Born Jack Doroshow in South Philadelphia, in a family of mixed Jewish and Italian heritage, Sabrina was a pioneer in the transgender and gay communities in the 1960s in New York. In the 1960s, New York drag queens were very stigmatised, not only by the mainstream society, but even within the gay community as well. Sabrina was one of the first widely known drag queens in the United States. She became widely known partially for organizing various drag queen pageants all over the U.S. such as The Nationals, Miss Philadelphia or the Miss Nationals, which was sponsored by Sabrina Enterprises.

Career
The documentary The Queen captures the 1967 Miss All-America Camp Beauty Contest in New York City; Sabrina served as emcee to the competition. The film was selected to screen during International Critics' Week at the 1968 Cannes Film Festival, which was curtailed before any awards could be given out, due to ongoing civil unrest in France.  Sabrina was subsequently arrested three times in 1968 promoting The Queen in Times Square.

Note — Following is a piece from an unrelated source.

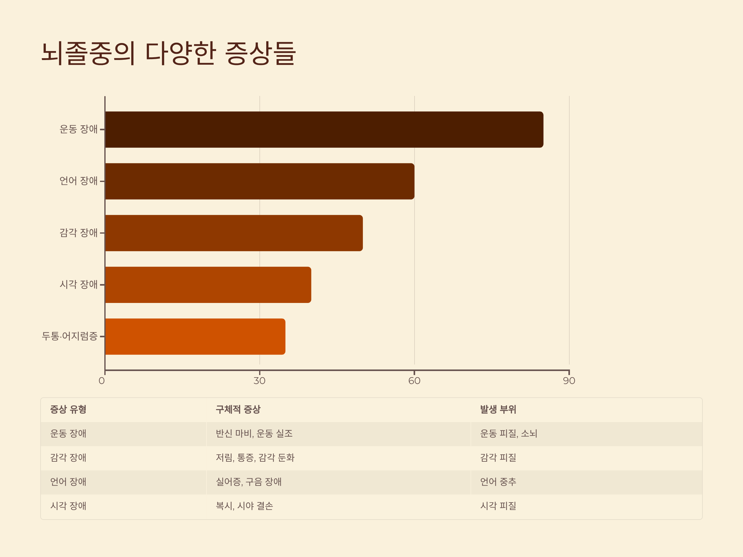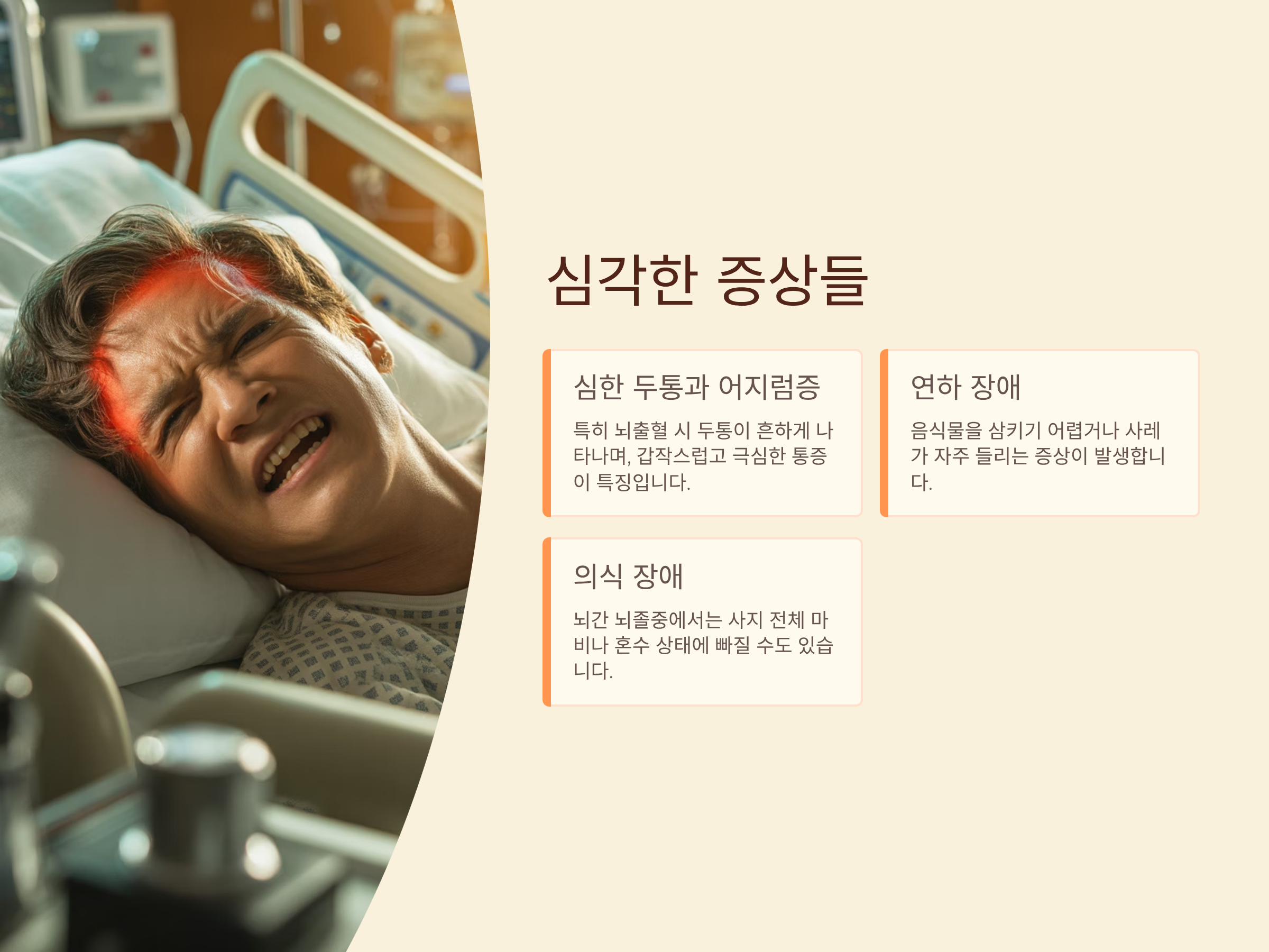 그 외에도 심한 두통과 어지럼증, 연하 장애로 인한 사레 들림, 의식 장애 등이 나타날 수 있습니다. 특히 뇌출혈 시 두통이 흔하며, 뇌간 뇌졸중에서는 사지 전체 마비나 혼수 상태에 빠질 수도 있습니다.

While filming the documentary Sabrina took on the moniker of "Mother" to assure other participants in the pageant that she was not part of the competition. Very soon, what was a joke became a very personal title, and she became a mentor to numerous other transgender people living in New York City at the time.

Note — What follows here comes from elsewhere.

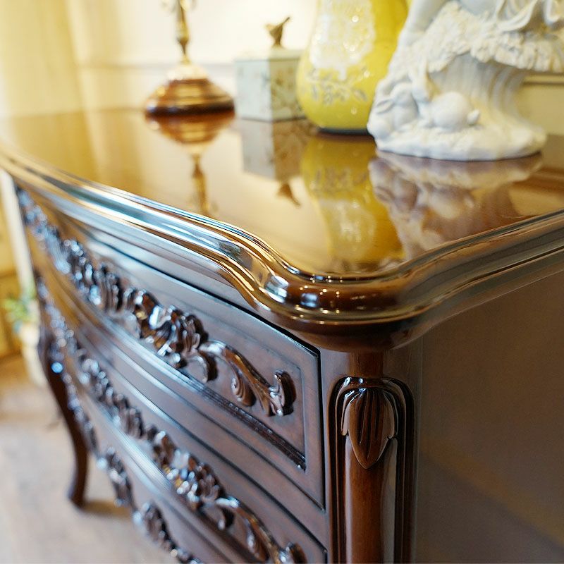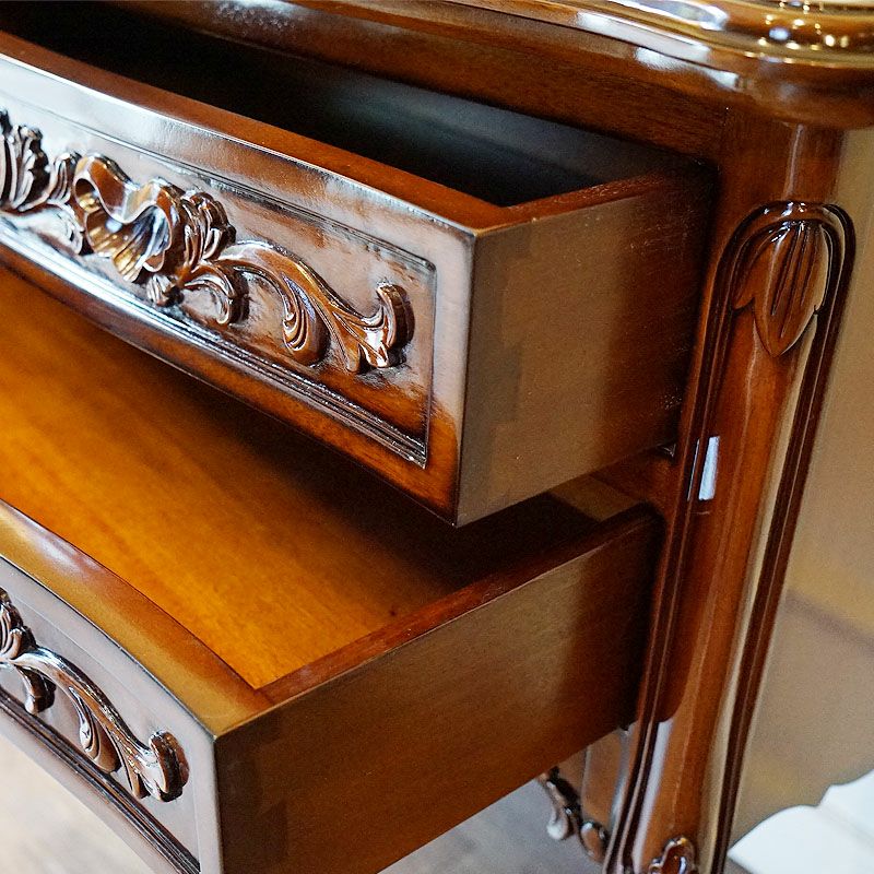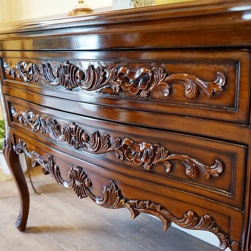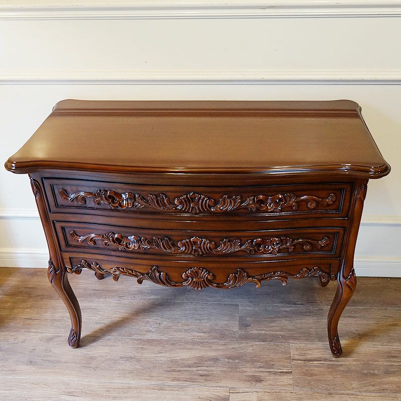 【コメント】フレンチクラシックスタイルの、美しいマホガニー材をふんだんに使用したワイド2段チェスト 収納家具です。前面を飾る木彫の美しさ&仕上げの美しさ、これほど美しいチェストはありません。猫脚が全体のイメージを柔らかく演出しています。

The success of The Queen resulted in Sabrina accepting numerous invitations to speak on talk shows and make television appearances in drag. These broadcasts caused discomfort not only with the heterosexual and conservative public, but the gay public as well.  A poster of Sabrina in The Queen has a brief cameo in Pink Flamingos (1972), a film by John Waters. 

Despite Sabrina's confidence with herself in drag on television and other engagements, she remained somewhat mysterious within the gay community, as recounted by Thom Nickels, author of Gay and Lesbian in Philadelphia. Though she was not a huge part of the Center City night life, she hosted several decadent and grandiose mansion parties.

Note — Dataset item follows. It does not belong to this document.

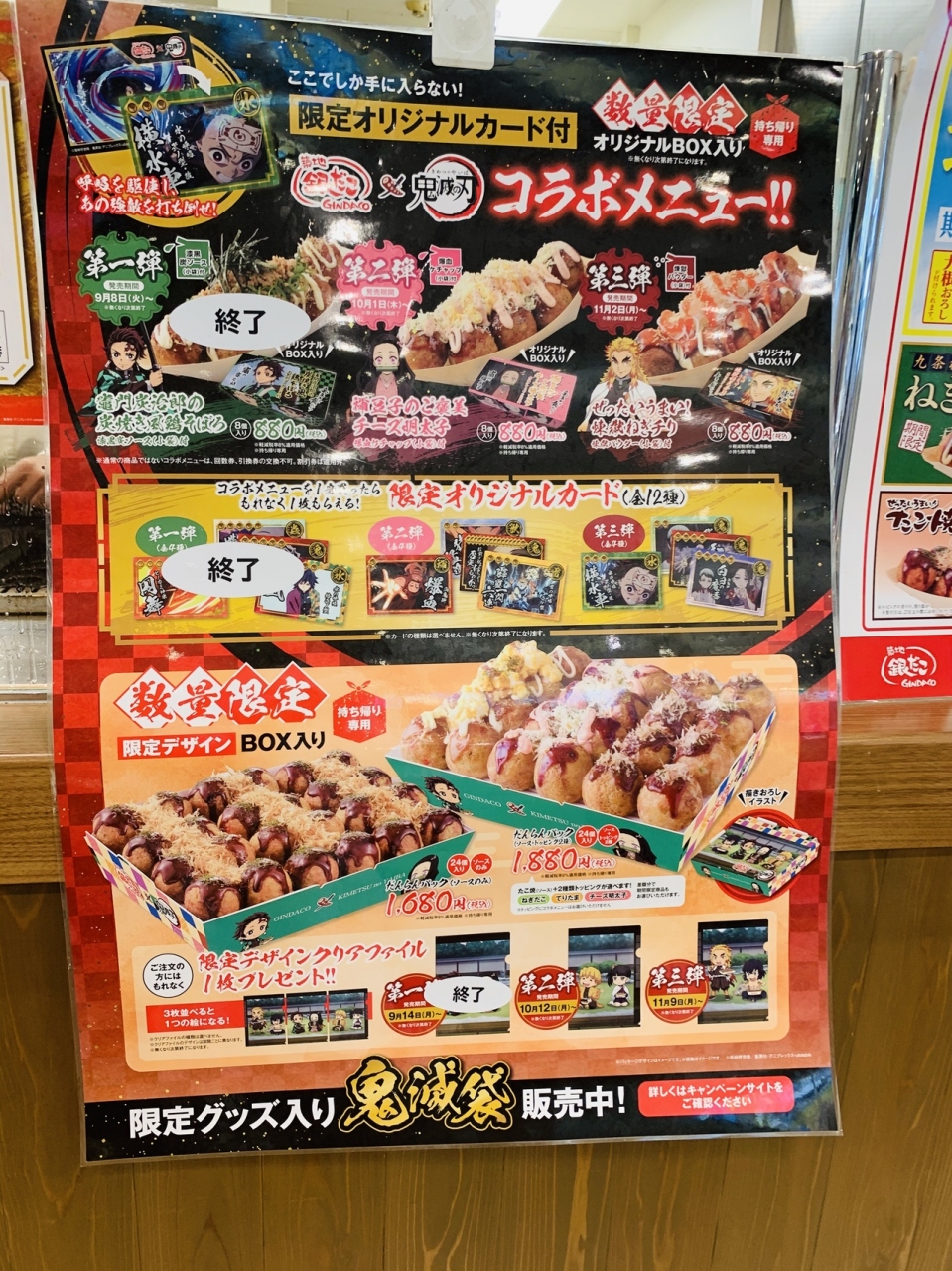 今なら「築地銀だこ」 X 「鬼滅の刃」 コラボメニュー があります。

In 2008 Flawless Sabrina appeared in La JohnJoseph's theatrical production Notorious Beauty in New York City. Sabrina played a drug-induced vision of a thin, ghostly, violin player in Dorian, a 2009 four-channel video installation by Michelle Handelman. Sabrina was also featured in Handelman's 2014 multichannel video installation Irma Vep, The Last Breath, influenced by Musidora, known for playing Irma Vep in the 1915 film Les Vampires.

Death and legacy
Sabrina died on November 18, 2017, at the age of 78.

Sabrina was also a mentor for Ceyenne Doroshow, now an author, public speaker and advocate for homeless youth. They met at a midtown Manhattan club called Bentley's, and Sabrina helped her get control of her life, while she was a homeless teenager.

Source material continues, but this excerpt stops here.